Exercise: All of the data should be restated word for word, with the pictures omitted.

Source data:
####################
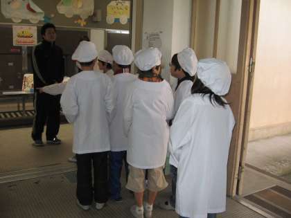 ○ 給食室の入り口で,エプロンを着た当番の子どもたちが「いただきます!」と声を合わせて挨拶します。
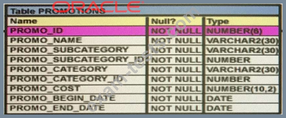 View the exhibit and examine the structure of the PROMOTIONS table.
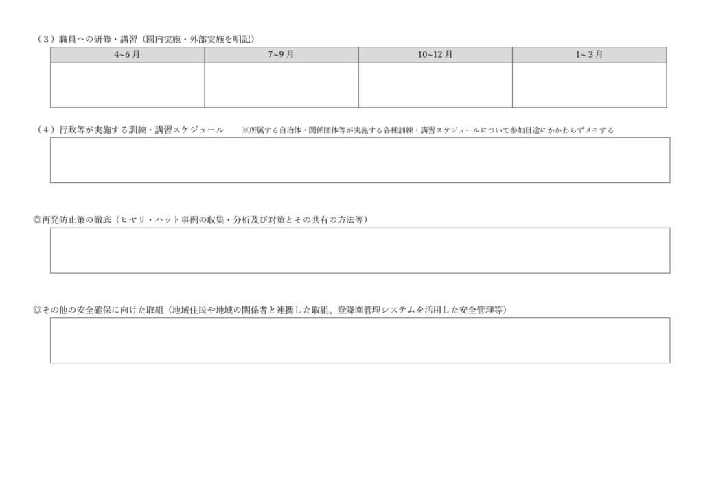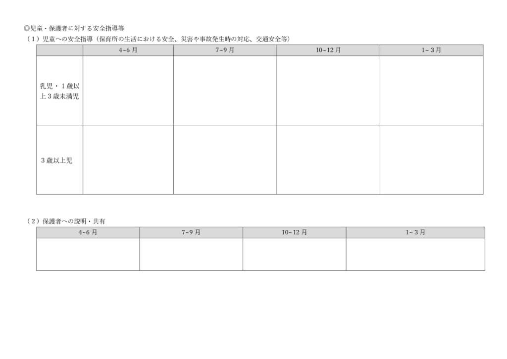 それでは早速、厚労省のフォーマットを参考に安全計画を策定しましょう。本記事ではそれぞれ年度始め、年度終わりの4月、3月の計画を紹介します。この計画を参考に、自園の環境に合わせてカスタマイズしてくださいね。
####################
Response area:
 ○ 給食室の入り口で,エプロンを着た当番の子どもたちが「いただきます!」と声を合わせて挨拶します。
 View the exhibit and examine the structure of the PROMOTIONS table.
 それでは早速、厚労省のフォーマットを参考に安全計画を策定しましょう。本記事ではそれぞれ年度始め、年度終わりの4月、3月の計画を紹介します。この計画を参考に、自園の環境に合わせてカスタマイズしてくださいね。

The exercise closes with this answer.